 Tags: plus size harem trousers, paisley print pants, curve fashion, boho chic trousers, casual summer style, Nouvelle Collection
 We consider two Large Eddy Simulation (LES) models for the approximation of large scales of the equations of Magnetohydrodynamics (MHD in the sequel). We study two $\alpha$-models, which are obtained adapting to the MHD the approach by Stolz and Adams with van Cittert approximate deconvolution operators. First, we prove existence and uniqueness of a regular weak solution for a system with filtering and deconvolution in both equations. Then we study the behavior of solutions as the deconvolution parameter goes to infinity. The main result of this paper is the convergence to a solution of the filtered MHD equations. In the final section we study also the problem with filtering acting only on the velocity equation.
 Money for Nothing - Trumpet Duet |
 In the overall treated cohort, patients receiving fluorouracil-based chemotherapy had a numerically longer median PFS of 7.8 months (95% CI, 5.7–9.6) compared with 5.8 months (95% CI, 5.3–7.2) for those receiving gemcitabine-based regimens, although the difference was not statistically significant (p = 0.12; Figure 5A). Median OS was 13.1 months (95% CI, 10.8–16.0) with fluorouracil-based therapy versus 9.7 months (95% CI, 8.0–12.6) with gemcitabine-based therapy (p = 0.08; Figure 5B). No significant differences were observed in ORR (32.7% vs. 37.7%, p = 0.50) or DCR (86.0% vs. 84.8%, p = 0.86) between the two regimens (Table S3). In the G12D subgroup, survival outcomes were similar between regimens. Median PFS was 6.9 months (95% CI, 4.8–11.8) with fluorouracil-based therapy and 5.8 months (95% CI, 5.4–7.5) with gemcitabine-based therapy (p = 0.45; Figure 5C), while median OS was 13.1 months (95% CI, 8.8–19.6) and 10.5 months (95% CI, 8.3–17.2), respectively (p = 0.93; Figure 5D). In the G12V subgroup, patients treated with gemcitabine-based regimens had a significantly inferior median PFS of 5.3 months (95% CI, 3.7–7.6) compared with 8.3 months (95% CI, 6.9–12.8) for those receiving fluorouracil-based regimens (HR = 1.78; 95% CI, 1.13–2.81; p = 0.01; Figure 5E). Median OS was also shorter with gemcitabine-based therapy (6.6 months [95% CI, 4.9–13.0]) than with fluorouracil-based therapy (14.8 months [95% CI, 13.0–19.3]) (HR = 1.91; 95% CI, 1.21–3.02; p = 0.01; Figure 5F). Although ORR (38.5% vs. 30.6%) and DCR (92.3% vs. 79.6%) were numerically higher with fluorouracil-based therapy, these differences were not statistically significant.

» What is needed:
Using the data above, transcribe the lines that run from the line with "We consider two" to the line with "Money for Nothing - Trumpet Duet |", both ends kept, and output nothing else.

» Answer for the task:
 We consider two Large Eddy Simulation (LES) models for the approximation of large scales of the equations of Magnetohydrodynamics (MHD in the sequel). We study two $\alpha$-models, which are obtained adapting to the MHD the approach by Stolz and Adams with van Cittert approximate deconvolution operators. First, we prove existence and uniqueness of a regular weak solution for a system with filtering and deconvolution in both equations. Then we study the behavior of solutions as the deconvolution parameter goes to infinity. The main result of this paper is the convergence to a solution of the filtered MHD equations. In the final section we study also the problem with filtering acting only on the velocity equation.
 Money for Nothing - Trumpet Duet |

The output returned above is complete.